# INSTRUCTIONS TO FOLLOW
Output the lines of the records exactly, from the first through the one containing "Gröna i detta". Omit all pictures.

# RECORDS TO USE
-=-=-

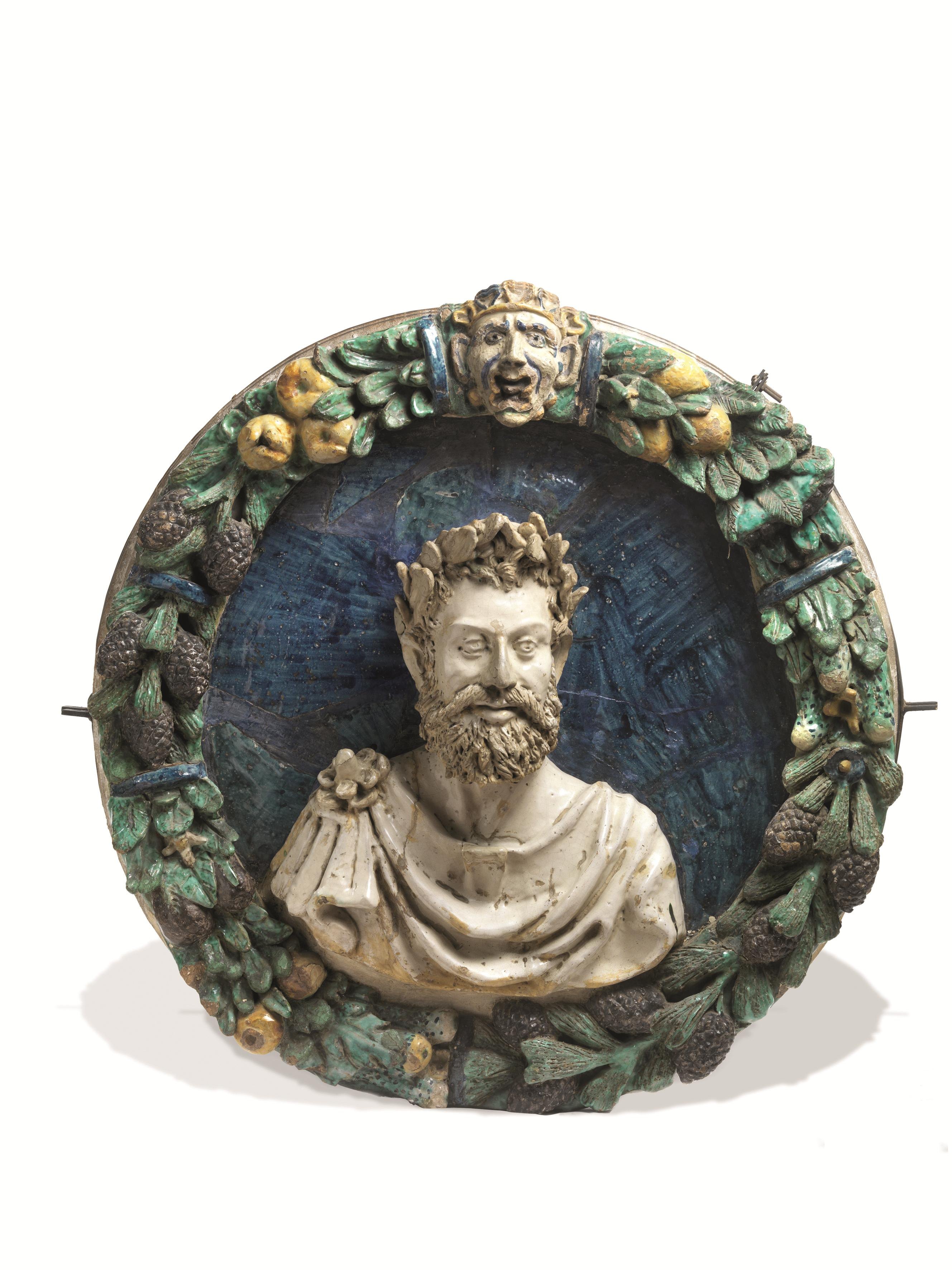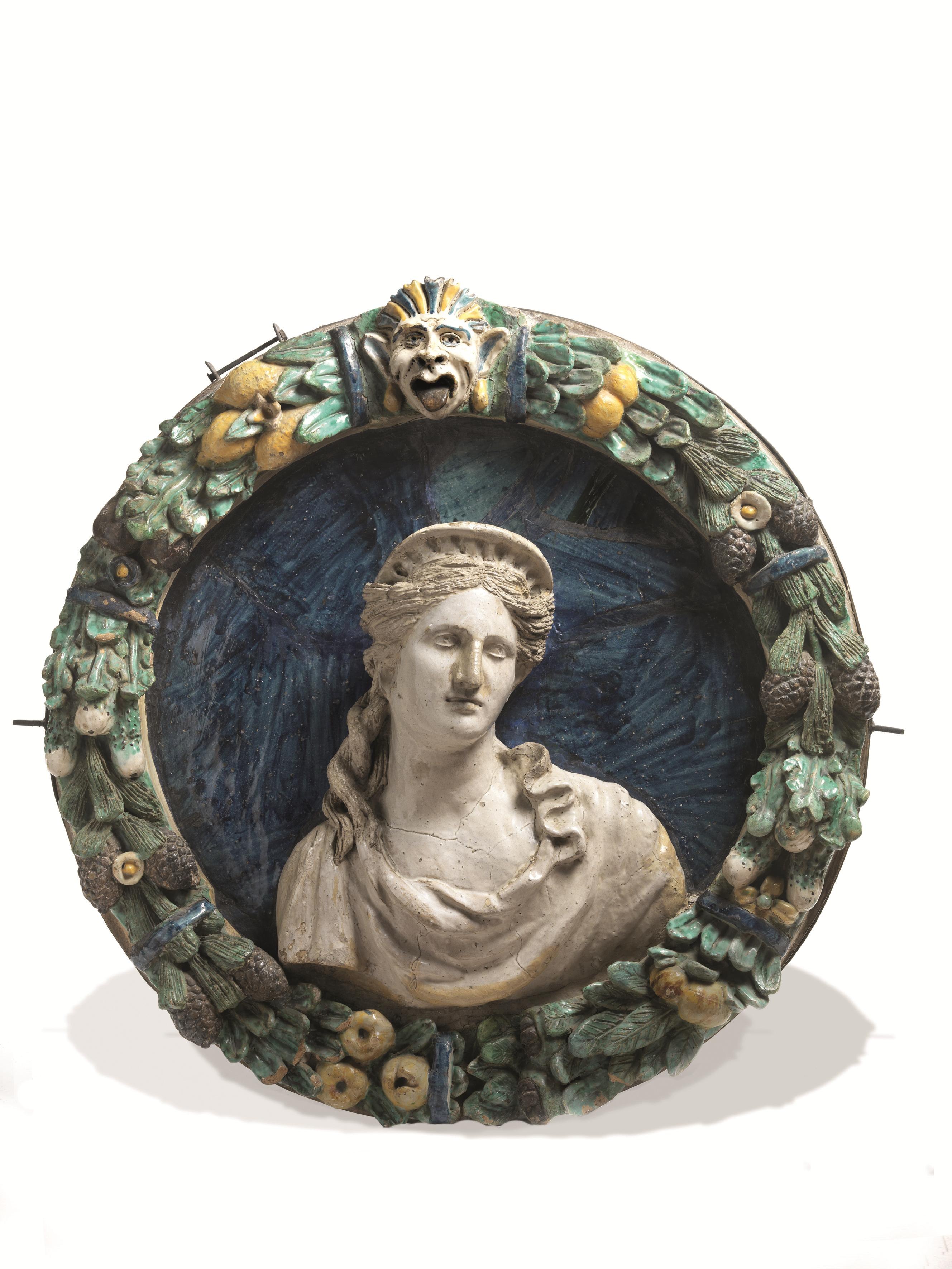 due medaglioni in terracotta invetriata con ghirlanda, diam. cm 97 ciascuno
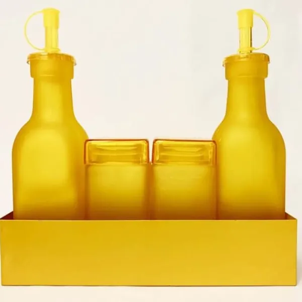 Gröna i detta set tillför fräschör och stil på bordet. Monocromo kryddset från Pusher är utrustat med en lätt hanterlig bricka och har 4 klassiska behållare för olja, vinäger, salt och peppar. Brickan är i metall och behållarna är i glas, lock och droppskydd är i plast. Med en enda rörelse kan du flytta alla 4 kryddor. Flaskorna har en kapacitet på 150 ml, medan salt- och pepparburkarna har en kapacitet på 130 ml. Egenskaper för Monocromo kryddset: setet består av: behållare för olja, vinäger, salt och peppar + behållarbrickan. Praktisk och färgglad tillbehör för bordet. Material: metall, glas och hållbar plast. Kapacitet flaskor för olja och vinäger: 150 ml. Kapacitet flaskor salt och peppar: 130 ml. Storlek på setet: 20×4.5×20 cm. Färg: gul.
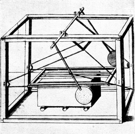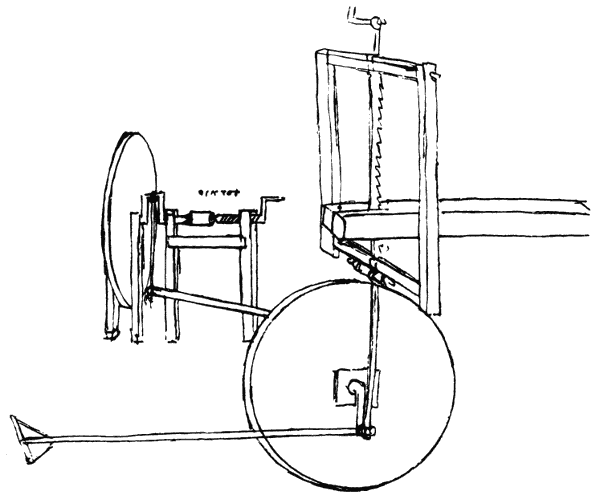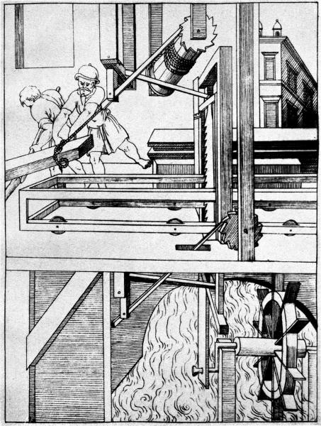 Leonardo da Vinci beschäftigte sich auch mit der Konstruktion von Sägewerken. Den Antrieb zu einem solchen skizziert er dicht neben dem frühsten bekannten Entwurf zu einer Drehbank mit Tretvorrichtung (Seite 35). Die Drehbank stößt mit dem Spindelstock-Balken und dem Fußtritt an das Schwungrad des Sägewerks, es ist also nicht schwer, die Zeichnungen der beiden Maschinen auseinander zu halten. Die Säge sitzt in einem Rahmen und wird oben und unten von je einer Kurbel gefaßt. Unten trägt die Kurbelachse eine Schwungscheibe, und wir müssen annehmen, daß die beiden Kurbelachsen irgendwie zwangsläufig verbunden waren. Der Antrieb der unteren Kurbel erfolgt mittelst einer am Ausgang des Mittelalters gebräuchlichen Hand-Schubstange.
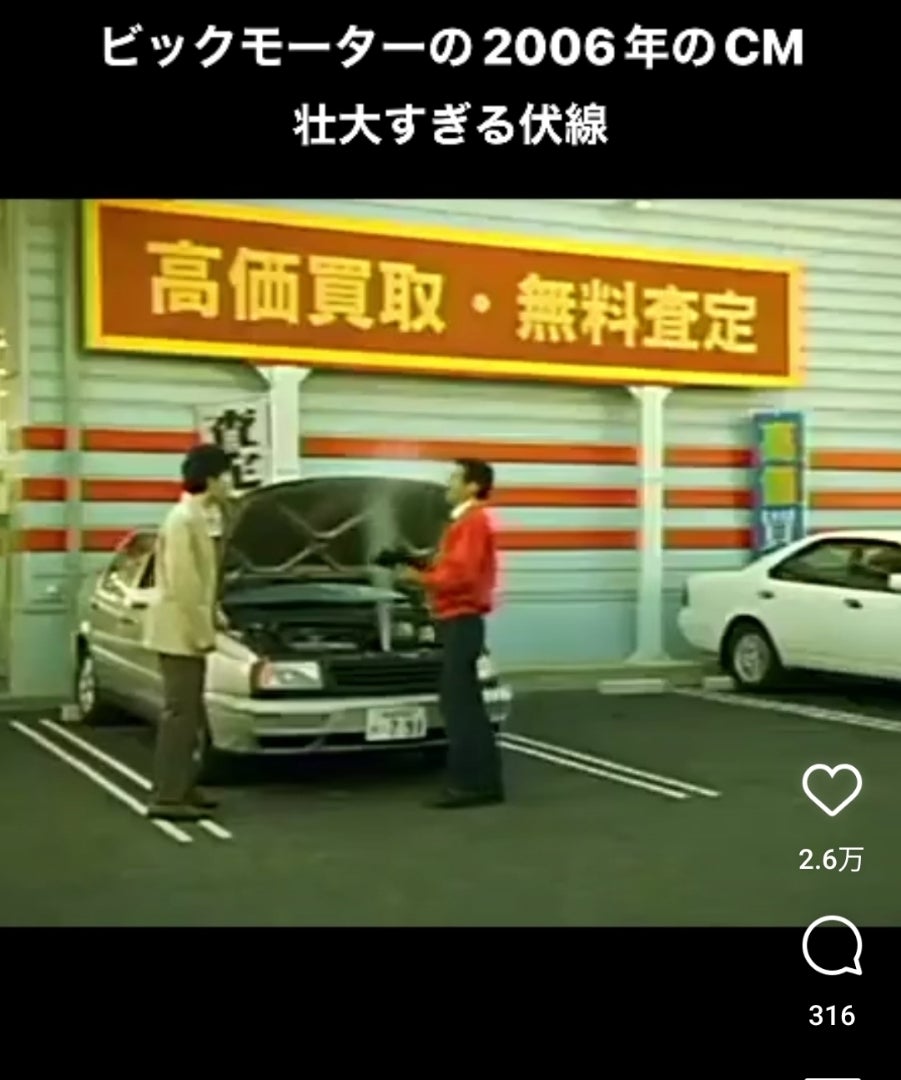 tonegawa on X: "ビッグモーターの不正で思い出したけど、CMで家族でドライブ中にいきなりパパが「車売ろうかな!」って唐突にキチゲ開放スマイルしだして店に直行するやつ狂気的で好きなんだよな。https:t.co 5sLXdW1pyb"X。
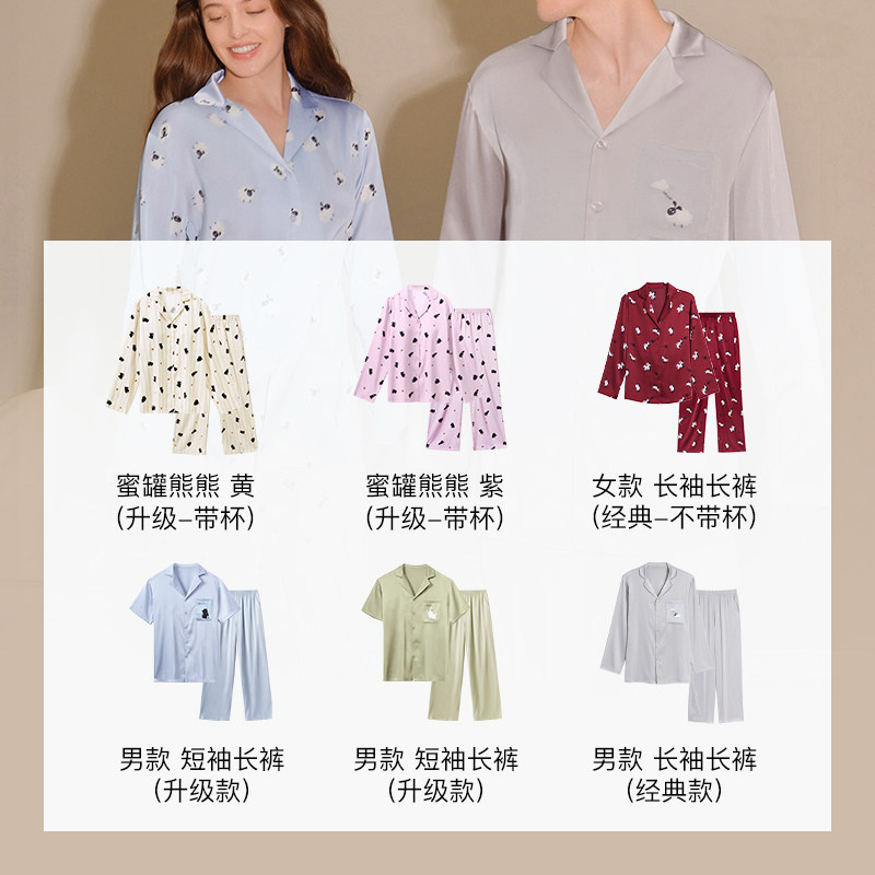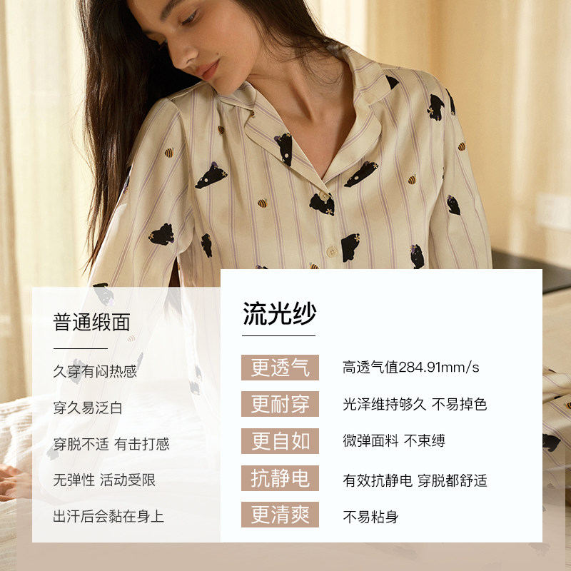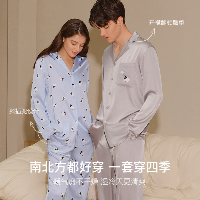ubras流光家居服女士缎面睡衣长袖长裤可外穿情侣套装男款秋冬季
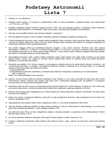 Podstawy Astronomii Lista 7 1. 2. Pokazać, Ŝe 1 pc=206265 AU. Paralaksy dwóch gwiazd A i B zmierzono z dokładnością 0''.006. Co moŜna powiedzieć o odległości kaŜdej z tych gwiazd jeŜeli πA=0''.312 oraz πB=0''.006? 3. Paralaksa najbliŜszej gwiazdy (Proxima Centauri) wynosi 0'',765. Jaka jest odległość gwiazdy w parsekach, latach świetlnych, jednostkach astronomicznych i w kilometrach? Podać wzory ogólne na przeliczenia pomiędzy tymi jednostkami. 4. Jaka jest roczna paralaksa Słońca? Jaka jest jego odległość w parsekach? 5. Policz jak długo trwa podróŜ z Ziemi na Księzyc zakładając najniŜsze wymagania energetyczne takiego lotu. 6. Z jakimi prędkościami (kierunek, zwrot i wartość wektora prędkości) naleŜy wystrzelić z Ziemi sondy aby dotarły one do Merkurego i Jowisza po orbitach eliptycznych. Które z tych dwu zadań wymaga zuŜycia mniejszej ilości paliwa? W rozwiązaniu zakładamy, Ŝe orbity planet są kołowe i leŜą w jednej płaszczyźnie. 7. Dwa satelity obiegają Ziemię po współpłaszczyznowych okręgach w tym samym kierunku. Promienie tych orbit wynoszą odpowiednio r1=7870 km i r2=7920 km, a okres pierwszego satelity T1=115.8 min. W pewnym momencie punkty podsatelitarne tych satelitów pokrywały się. Po jakim czasie od tego momentu i o jaką wartość naleŜy zwiększyć prędkości pierwszego satelity, aby dotarł on do drugiego statku po orbicie eliptycznej. 8. Jaką prędkość (kierunek, zwrot i wartość wektora prędkości) naleŜy nadać sondzie, aby mogła spaść na Słońce po linii prostej łączącej Ziemię i Słońce. Czy zadanie to wymaga zuŜycia większej ilości paliwa niŜ wysłanie sondy poza Układ Słoneczny? Zakładamy, Ŝe orbita Ziemi jest kołowa. 9. RozwaŜmy dwa satelity A i B o równych masach m, poruszające się dookoła Ziemi po tej samej orbicie kołowej o promieniu r, ale w przeciwnych kierunkach, i w związku z tym dąŜące do zderzenia. Znaleźć (w zaleŜności od G, MZ (masa Ziemi), m i r) całkowitą energię mechaniczną układu oba satelity plus Ziemia: a) przed zderzeniem, b) bezpośrednio po zderzeniu (zakładamy, Ŝe zderzenie jest całkowicie niespręŜyste i pozostanie po nim jednoczęściowy wrak o masie 2m). Opisać ruch wraka powstałego w tym zderzeniu. 10. ZałóŜmy, Ŝe przez Ziemię wzdłuŜ jej średnicy przekopano tunel. Pokazać, Ŝe ruch ciała wrzuconego do tego tunelu jest ruchem harmonicznym prostym. Wyliczyć czas przelotu ciała przez tunel i maksymalną osiągniętą przez nie prędkość. W rozwiązaniu pominąć tarcie oraz przyjąć jednorodną gęstość Ziemi. 11. Wyobraźmy sobie, Ŝe ciało wrzucone do opisanego powyŜej tunelu zaopatrzono w silnik rakietowy. Co stanie się z tym ciałem, gdy przy pomocy tego silnika w momencie przelotu przez środek Ziemi zwiększymy nagle jego prędkość o 5.8 km/s. 12. Wyznacz moment pędu ciała znajdującego się na orbicie kołowej oraz orbicie eliptycznej o zadanym mimośrodzie. Od czego zaleŜy iloraz obu tych wielkości? 13. Okular przy lunecie o ogniskowej obiektywu równej 90 cm daje powiększenie 50-krotne. Jakie powiększenie da ten okular przy lunecie o ogniskowej 2.7 m? 14. Jaką ogniskową musi posiadać okular lunety o ogniskowej równej 1 m, aby dawał powiększenie 200-krotne? 15. Jaka jest zdolność rozdzielcza refraktora Grubba (średnica obiektywu D =25 cm) Obserwatorium Warszawskiego i czy moŜna przy jego uŜyciu rozdzielić oba składniki µ Cygni, odległe od siebie o 1''.8? 16. Jak wielki jest obraz Marsa na kliszy fotograficznej zdjętej za pomocą astrografu o ogniskowej 19,36 (Obserwatorium Yerks'a; średnica kątowa Marsa = 20'')? 17. Ile wynosi ogniskowa obiektywu astrografu, jeśli średnica liniowa KsięŜyca na kliszy równa się 2 cm? 18. Gwiazda o deklinacji δ przechodzi wzdłuŜ średnicy pola widzenia lunety w ciągu t sekund. Ile minut łuku wynosi pole widzenia lunety? UBS, SK
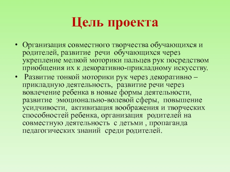 Развитие тонкой моторики рук через декоративно –прикладную деятельность, развитие речи через вовлечение ребенка в новые формы деятельности, развитие эмоционально-волевой сферы, повышение усидчивости, активизация воображения и творческих способностей ребенка, организация родителей на совместную деятельность с детьми , пропаганда педагогических знаний среди родителей.
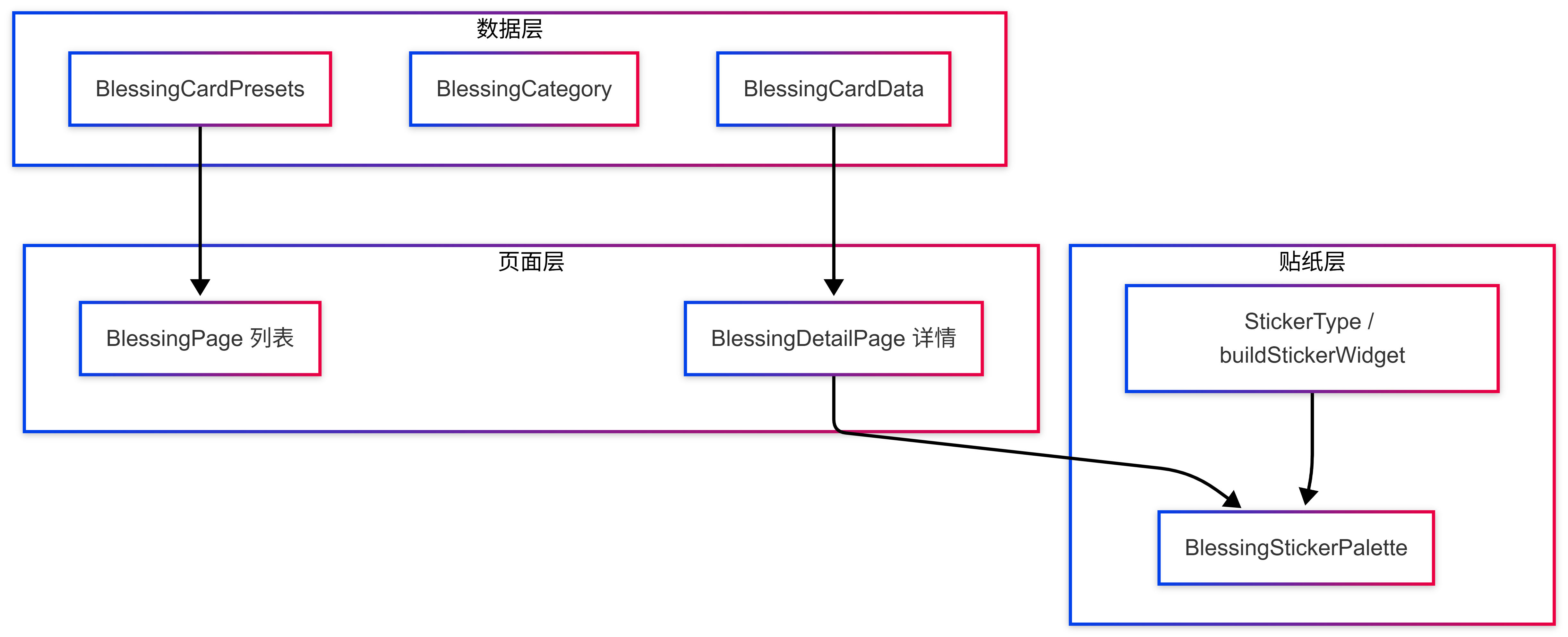 Widget、贴纸选择栏(BlessingStickerPalette)集中在blessing_page_stickers.dart,详情页只负责「添加/拖动/截图」,贴纸样式扩展在一处完成。 - 列表与详情拆分:列表页只做分类展示与跳转,详情页只做单卡编辑与分享,职责清晰,便于维护与多端一致。

-=-=-

# REPLY TO THE EXERCISE
 due medaglioni in terracotta invetriata con ghirlanda, diam. cm 97 ciascuno
 Gröna i detta set tillför fräschör och stil på bordet. Monocromo kryddset från Pusher är utrustat med en lätt hanterlig bricka och har 4 klassiska behållare för olja, vinäger, salt och peppar. Brickan är i metall och behållarna är i glas, lock och droppskydd är i plast. Med en enda rörelse kan du flytta alla 4 kryddor. Flaskorna har en kapacitet på 150 ml, medan salt- och pepparburkarna har en kapacitet på 130 ml. Egenskaper för Monocromo kryddset: setet består av: behållare för olja, vinäger, salt och peppar + behållarbrickan. Praktisk och färgglad tillbehör för bordet. Material: metall, glas och hållbar plast. Kapacitet flaskor för olja och vinäger: 150 ml. Kapacitet flaskor salt och peppar: 130 ml. Storlek på setet: 20×4.5×20 cm. Färg: gul.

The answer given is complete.